A is for Architecture and significant buildings. Both Cardinia and Casey have undertaken Heritage Conservation Studies. The original City of Berwick Study was done in 1993 and has been updated since and the earliest Cardinia Shire one was in 1996 with updates in 1999 to cover the areas that were previously part of the Shires of Sherbrooke and Cranbourne. What would be the oldest building in Casey Cardinia? Good question - possibly the Berwick Inn (Border Hotel) - the original section was built in 1857. I'd be happy to hear of any other contenders. What is the most significant building? Possibly Edrington, the former home of Lord and Lady Casey. Lord Casey was the Governor General of Australia from September 1965 to April 1969 and apart from being a grand mansion it is this Vice Regal connection that adds to the significance. Once again, I'd be pleased to hear of any other contenders.
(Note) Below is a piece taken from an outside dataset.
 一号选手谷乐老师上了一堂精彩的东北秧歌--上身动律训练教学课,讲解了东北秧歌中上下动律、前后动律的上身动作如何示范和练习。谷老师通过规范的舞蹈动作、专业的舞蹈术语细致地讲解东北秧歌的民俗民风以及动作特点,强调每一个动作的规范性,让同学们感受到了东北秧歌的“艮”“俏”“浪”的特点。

Edrington, Berwick, photographed in 1978.
R is for Retail or shopping. Unless you are under 35 then I don't need to tell you how shopping has changed over the years. From the mid 1850s when our towns began to develop the shops sprung up along the High Street or the Main Street - a general store, a blacksmith, a baker, a butcher would be some of the earliest stores. Later on there would be a boot maker, green grocer, hairdresser, perhaps a confectionary shop (I know it sounds fanciful but both Garfield and Bunyip both had one in the 1910s) maybe a tobacconist, and later on Banks, dress shops, specific grocery stores rather than a general store were established. This strip shopping was how people shopped until the development of the big shopping centres - Centro Shopping Centre in Cranbourne and the Endeavour Hills Shopping Centre both opened in 1979 and Fountain Gate Shopping Centre in 1980 and the first major shops off Main Street in Pakenham opened with the new Safeways in 1984.
Shops in Main Street, Pakenham, c. early 1980s.